If you have a fixed outbound date but flexibility on your return — or vice versa — you have more pricing power than you might think. Airlines price individual flight legs independently. The Friday evening return from Barcelona is expensive because everyone wants it. The Monday morning return is half the price.
How big is the price difference?
On popular leisure routes from UK airports, the price variation by day of the week for the same route is typically:
- Cheapest outbound days: Tuesday, Wednesday, early Saturday morning
- Most expensive outbound days: Thursday afternoon, Friday evening, Sunday evening
- Cheapest return days: Monday, Tuesday, Wednesday
- Most expensive return days: Sunday, Friday
The difference between the cheapest and most expensive day can be 30–60 % on the same route, same airline, same fare class. On a short-haul route where the return fare is €150, that is a €45–90 difference just for shifting your return by two days.
Calendar view search
The most direct way to use date flexibility is through a calendar view search. Google Flights, Skyscanner, and Kayak all offer calendar views that show the cheapest price for each day on a given route. Instead of comparing two or three specific dates, you can scan an entire month at a glance.
How to use it:
- Set your route (origin and destination)
- Set a rough travel window (e.g. "any weekend in October")
- View the calendar — the cheapest days will stand out immediately
- Build your itinerary around those days, not the other way around
The +/- 3 days search
If you have a preferred outbound date but cannot change it significantly, use the +/- 3-day search. All major flight search engines support this. It shows you whether moving your flight by 24 or 48 hours saves meaningful money.
On FairFares, every deal includes the exact date of the cheap fare so you can see immediately whether that specific date works for you.

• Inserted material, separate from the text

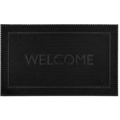 General description Our Alvaro Welcome scraper mat features flexible rubber studs that trap dirt and grit from shoes, while the raised surface gets into the sole’s grooves, removing excess mud and dirt, leaving your home clean and tidy. The decorative design and welcome message provide a pleasant greeting for your visitors, complemented by the rope-edged detail for the perfect finishing touch. This mat is low maintenance; simply shake or hose it down to clean. Made from durable rubber, it is suitable for use in all weather conditions. Technical specifications Dimensions: 45x75 cm Material: Rubber Usage Ideal for outdoor use Practically maintenance-free; simply shake or hose to clean

Flexibility on return vs. outbound
Most travellers have more flexibility on their return date than their outbound. You need to leave on a specific Friday but could come back any day Sunday to Wednesday. In this case:
- Fix your outbound date, search it as usual
- Search your return leg independently across all available days in your window
- Book the cheapest return day you can actually make work
This one change — flexible return, fixed outbound — is the most practical form of date flexibility for working travellers and frequently produces savings of €40–80 on a standard European return.
Shoulder week travel
If you can shift an entire trip by one week — avoiding a school holiday, a bank holiday weekend, or a major local event at the destination — the savings compound. The outbound is cheaper, the return is cheaper, and hotel prices often drop simultaneously. A two-week holiday shifted one week earlier than peak summer can save hundreds of pounds in flights alone, before the accommodation saving is counted.